━━ EXERCISE DATA ━━
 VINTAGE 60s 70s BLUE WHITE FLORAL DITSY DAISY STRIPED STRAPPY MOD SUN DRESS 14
━━━
━━ EXERCISE DATA ━━
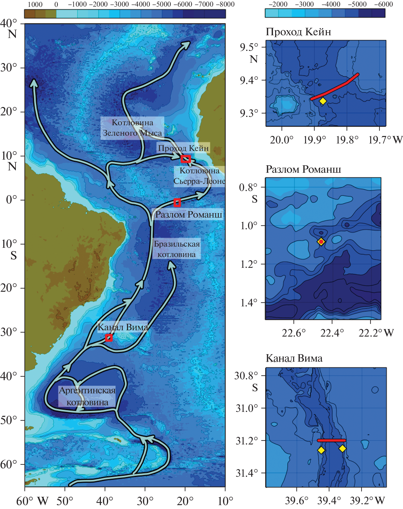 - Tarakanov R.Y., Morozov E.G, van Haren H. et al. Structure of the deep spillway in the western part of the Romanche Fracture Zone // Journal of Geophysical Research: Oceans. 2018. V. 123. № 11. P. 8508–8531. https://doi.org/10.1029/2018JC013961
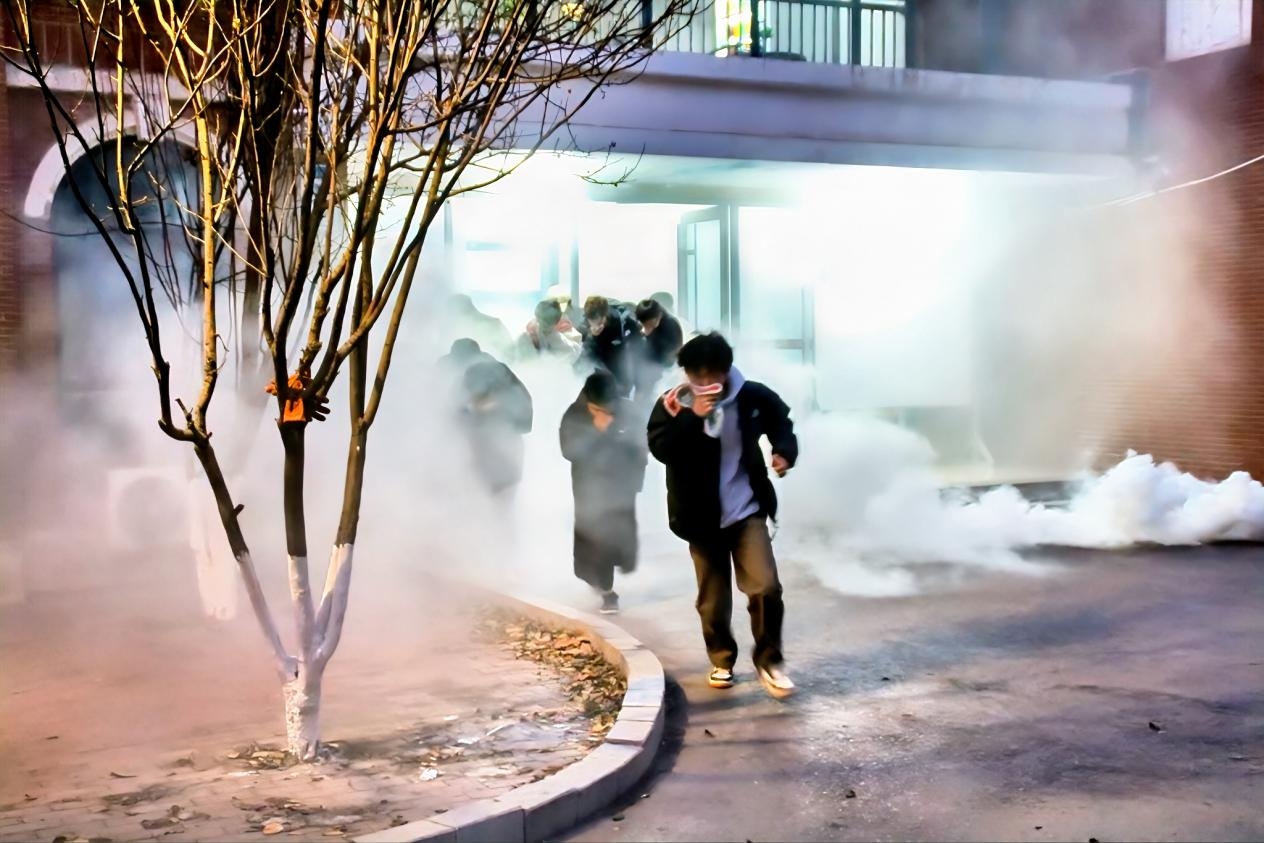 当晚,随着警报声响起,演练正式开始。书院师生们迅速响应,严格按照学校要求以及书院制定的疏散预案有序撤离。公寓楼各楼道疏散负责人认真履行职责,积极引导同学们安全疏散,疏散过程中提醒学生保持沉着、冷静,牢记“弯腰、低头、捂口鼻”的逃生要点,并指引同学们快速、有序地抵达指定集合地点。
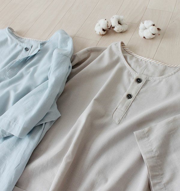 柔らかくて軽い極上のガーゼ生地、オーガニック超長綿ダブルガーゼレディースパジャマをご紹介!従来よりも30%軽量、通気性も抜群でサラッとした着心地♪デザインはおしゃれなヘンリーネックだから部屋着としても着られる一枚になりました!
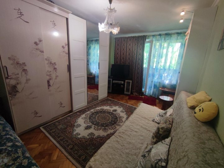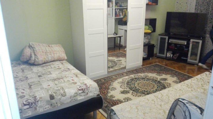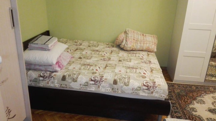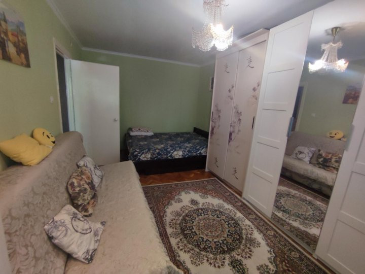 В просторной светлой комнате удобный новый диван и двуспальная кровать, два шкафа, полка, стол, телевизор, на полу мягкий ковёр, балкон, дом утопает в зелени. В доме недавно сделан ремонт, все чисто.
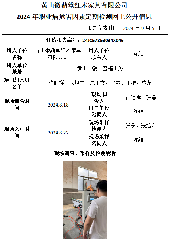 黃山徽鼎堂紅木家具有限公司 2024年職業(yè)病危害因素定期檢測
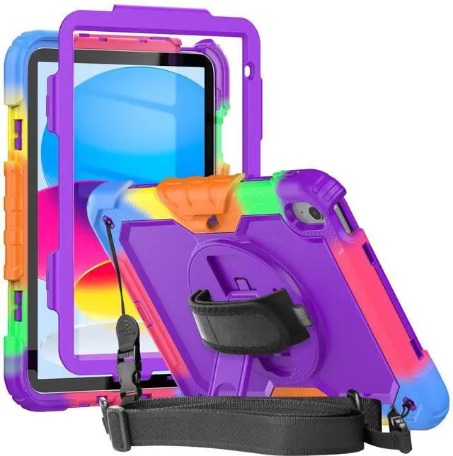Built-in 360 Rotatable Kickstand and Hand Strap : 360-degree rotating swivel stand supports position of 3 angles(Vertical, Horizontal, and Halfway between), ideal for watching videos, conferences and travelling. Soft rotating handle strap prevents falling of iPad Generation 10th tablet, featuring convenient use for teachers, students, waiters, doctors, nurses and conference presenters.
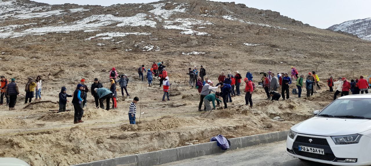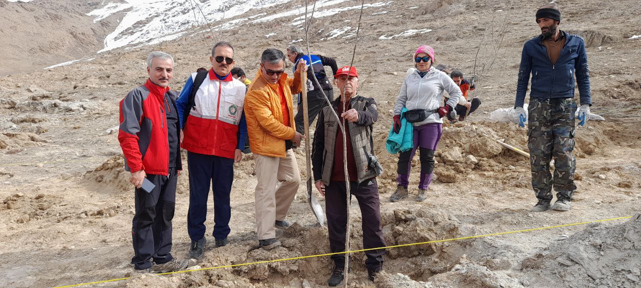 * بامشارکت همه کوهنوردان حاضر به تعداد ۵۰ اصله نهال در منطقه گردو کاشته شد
━━━
■ EXERCISE ■
Of the records above, print only the lines from the one containing "黃山徽鼎堂紅木家具有限公司 2024年職業(yè)病危害因素定期檢測" through the one containing "Built-in 360 Rotatable", inclusive and unaltered, leaving out pictures.

■ RESPONSE BELOW ■
 黃山徽鼎堂紅木家具有限公司 2024年職業(yè)病危害因素定期檢測
Built-in 360 Rotatable Kickstand and Hand Strap : 360-degree rotating swivel stand supports position of 3 angles(Vertical, Horizontal, and Halfway between), ideal for watching videos, conferences and travelling. Soft rotating handle strap prevents falling of iPad Generation 10th tablet, featuring convenient use for teachers, students, waiters, doctors, nurses and conference presenters.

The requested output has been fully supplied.